2. New policies for the pension mechanism In 2020, my country will see three changes: 1. my country’s pensions will see 16 consecutive increases, with an increase of 5%; 2. Pensions will be adjusted by the central government and distributed to provinces more fairly and equitably City; 3. The original county-level pension planning system has also changed to provincial-level overall planning, which has changed the problem of large differences in pension payment time between different cities and counties in the same province.

3. New Regulations on Pension Receipt in 2021 At present, the main method of receiving pensions in my country is to directly pay it to employees’ banks or savings accounts such as passbooks. Retired employees can receive it directly when needed.

With the continuous improvement of the pension system, the desire of the elderly to receive and use the "all-in-one card" has become stronger and stronger. For this reason, the country has also made adjustments in pension collection.

In 2021, in accordance with the new regulations, retired employees whose social security cards are marked with the word "UnionPay" need to bring their personal identity documents and social security cards to the local social security department to identify and activate the social security cards before they can receive pensions normally.

Marked with the word "UnionPay", it means that the card has the function of financial circulation. Through certification, it can facilitate the issuance and management of national pensions and facilitate retired employees to achieve the purpose of using the "all-in-one card".

After certification, retired employees can not only withdraw money directly from the social security card for use, but also use the social security card to directly buy medicines, see a doctor, and enjoy preferential medical insurance benefits.

At present, some regions in our country have become policy pilots and have begun to implement the policy of disbursing pensions to social security cards.

For example, in my country's Hebei Province, retired employees can realize a true "all-in-one card". Employees who have begun to receive pensions can directly use their social security cards to make purchases, see doctors, and buy medicines, which is convenient and fast.

Hebei Province urges staff to assist retired employees to complete the activation of social security cards as soon as possible so that retirees can receive pensions smoothly.

In addition to Hebei, some areas in Anhui Province also distribute the pensions of people over 70 years old to social security cards with the word "UnionPay" on them.

The popularization and use of "UnionPay" social security cards can improve the efficiency of my country's unified pension payment policy, and can also save the elderly from the cumbersome and inconvenient process of actually using pensions. One card can achieve multiple types of uses.

Now the state is also encouraging everyone to replace their original social security cards with UnionPay social security cards, which not only facilitates the issuance and management of state pensions, but also facilitates the collection and use of retired employees.

Four and five categories of people can make up a one-time payment for social pension insurance. 1. Contract workers, who are temporary workers with urban household registration or business operations.
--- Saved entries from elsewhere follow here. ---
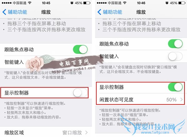 三、接下来点击进入到缩放设置页面,,此时会看到“显示控制器”目前默认处于关闭状态,点击开关按钮进行打开,这时闲置状态可见度默认为50%,如下图所示。
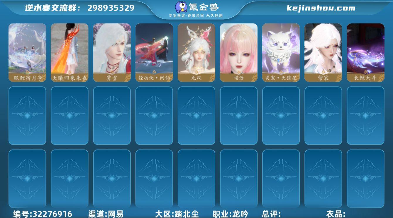 【区服】 紫禁之巅 【战力值】 134.73 【职业】 龙吟 【馆藏】 4级 【衣品值】 167785 【国色值】 36680 【已用天赏石】 14 【天霓染数量】 1 【充值称号】 把酒临风 【累计充值】 24196元 【天霓染】 陆离*1 【灵韵内功】 破霄摧星, 鸣镝裂风, 汲川, 昆吾断玉, 鸣沙诀 【天赏外观】 无双, 喵语, 紫宸, 霁雪, 雷霆武器, 轻功诀问仙, 明河曙天·长鲸天斗, 天曦四象·朱雀 【天赏祥瑞】 眠鲤宿月亭 【祥瑞坐骑】 布丁, 风行·江湖景, 风行·世间情, 风行·万灯明, 云螭·封冰怀雪, 龙衔瑞焰, 金冠鼠鼠, 粉黛娇, 幻琉晶, 狂霸天, 星河转·银昼, 星河转·赤夜, 骋风叱焰, 抟乌镇妖, 贺岁喜狮, 伯力, 咩郎, 瓜皮, 霸霸, 墨流云·玄色, 墨流云·朱红, 墨流云·靛青, 奔虹赤, 帝皇驹, 银砂素波, 绒绒夜, 牛奶酥, 隐云涧, 四方游士, 空山闲, 犬威哮月·沧, 犬威哮月·焰, 玉霄飞练 【商城外观】 甜宙漫游, 夜雪闻梅, 盛浪晴海, 悠影掠风, 金缕漠歌, 紫渊龙堂, 雾都往事, 司玄镇天, 千星咏叹, 跃动心芒, 蝎影度月, 福禄金刚, 晴岸涛吟, 不负卿愿, 帝皇铠甲, 鳞纱幻海, 斗战凌空, 鳞骨逢幽, 星宫遐音, 贪狼摄星, 青林雀舞, 开阳执戈, 紫微御宵, 蓬海沧歌, 衣香鬓影, 混天焚莲, 瀚渊龙炎, 金祷颂晖, 玉...
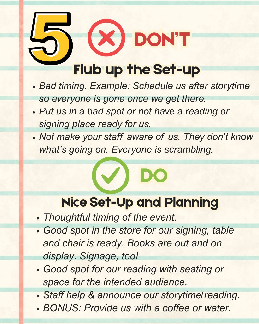 Avoid a disastrous book signing experience! In the last five years, I’ve had my share of amazing and awful book signings, with a lot of events in the middle. I’ve gathered my best tips here to help book stores, authors, and illustrators have the best collaborative experience possible. What else would you add? Comment!
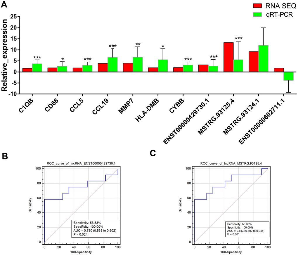 Expression levels of 7 mRNAs (C1QB, CD68, CCL5, CCL19, MMP7, HLA-DMB, and CYBB) and 4 lncRNAs (ENST00000429730.1, MSTRG.93125.4, MSTRG.93124.1, and ENST00000602711.1) that had relatively larger number of degree in lncRNA-target-pathway network were measured in the lung PET-high and PET-low tissue samples collected from 11 patients. The expression levels of C1QB, CD68, CCL5, CCL19, MMP7, HLA-DMB, and CYBB were validated to be significantly up-regulated in lung PET-high tissue samples (Figure 4A). Obviously higher expressions of two lncRNAs ENST00000429730.1 and MSTRG.93125.4 were found in lung PET-high tissue samples (Figure 4A). ROC curve analysis of ENST00000429730.1 showed that the AUC was 0.750 with a sensitivity of 58.33% and a specificity of 100.00% (p = 0.024) (Figure 4B), and the AUC of MSTRG.93125.4 was 0.813 with a sensitivity of 58.33% and a specificity of 100.00% (p = 0.001) (Figure 4C).
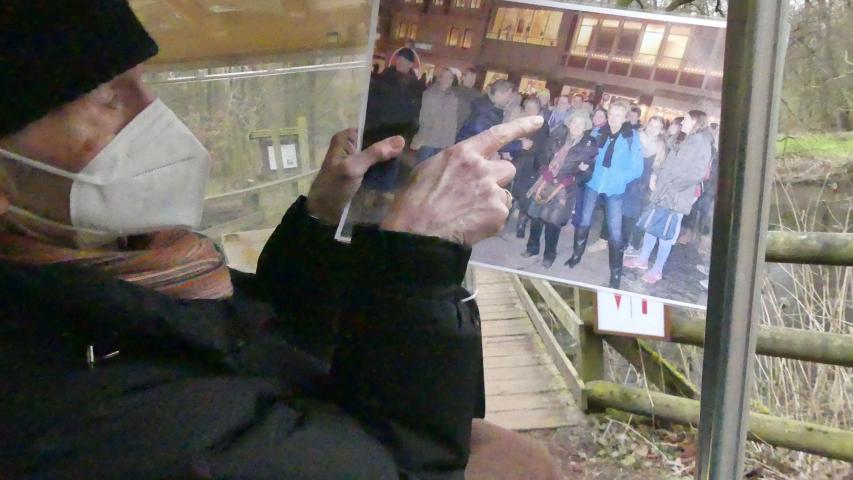 Auch die anderen Kollegen von Herrn S. sind gekommen, um den Kollegen noch einmal zu sehen. Zum Abschied überreichen sie ihm ein großes Foto der letzten Betriebsfeier.
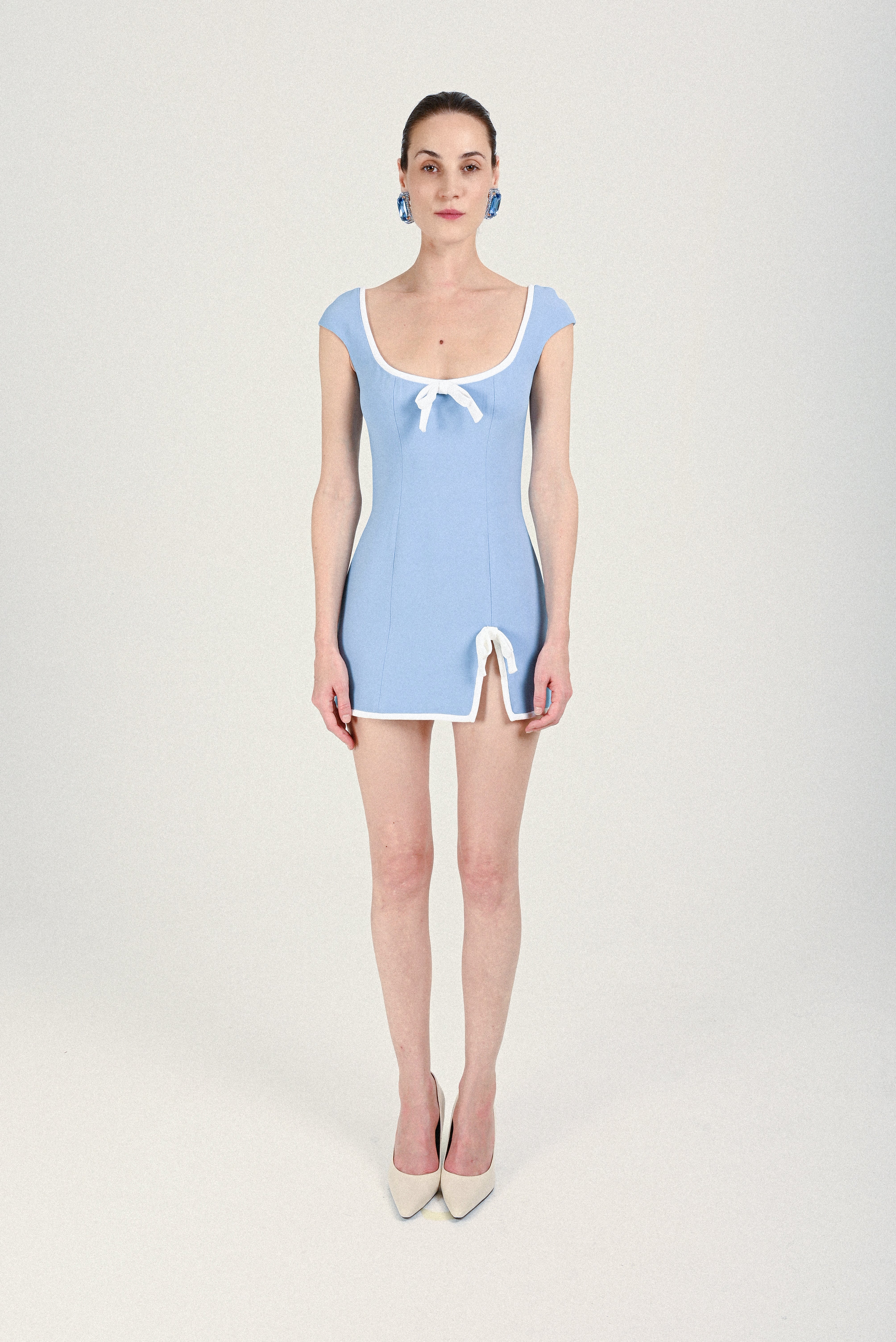 Experience the iconic beauty of Rowen Rose with our mini dress featuring a stunning corseted effect. This form-fitting piece elegantly hugs the body, enhanced by delicate shoulder pads, a squared neckline, and a back zip closure.

If they did not participate in social security when they were young or there was an interruption in the process, they can all make up the payment.

Pension insurance.

But if you do not meet these conditions, you can only pay year by year according to the process.

2. Those who have been fired or released after serving their sentences, are employees without public employment, and cannot be removed from public service, they can also make up social security in one go.

3. For those who do not have formal jobs, which is what we call self-employed households, as long as they are industrial and commercial households in cities and towns, they can also top up social security in accordance with national regulations.

4. The employee's resignation or wrong job transfer is caused by the fault of the employer, thus interrupting the payment of social security.

These people can also pay social security in one lump sum.

5. For older people, those who stop paying after participating in the insurance but are over 60 years old can also make up 15 years of social security in one lump sum.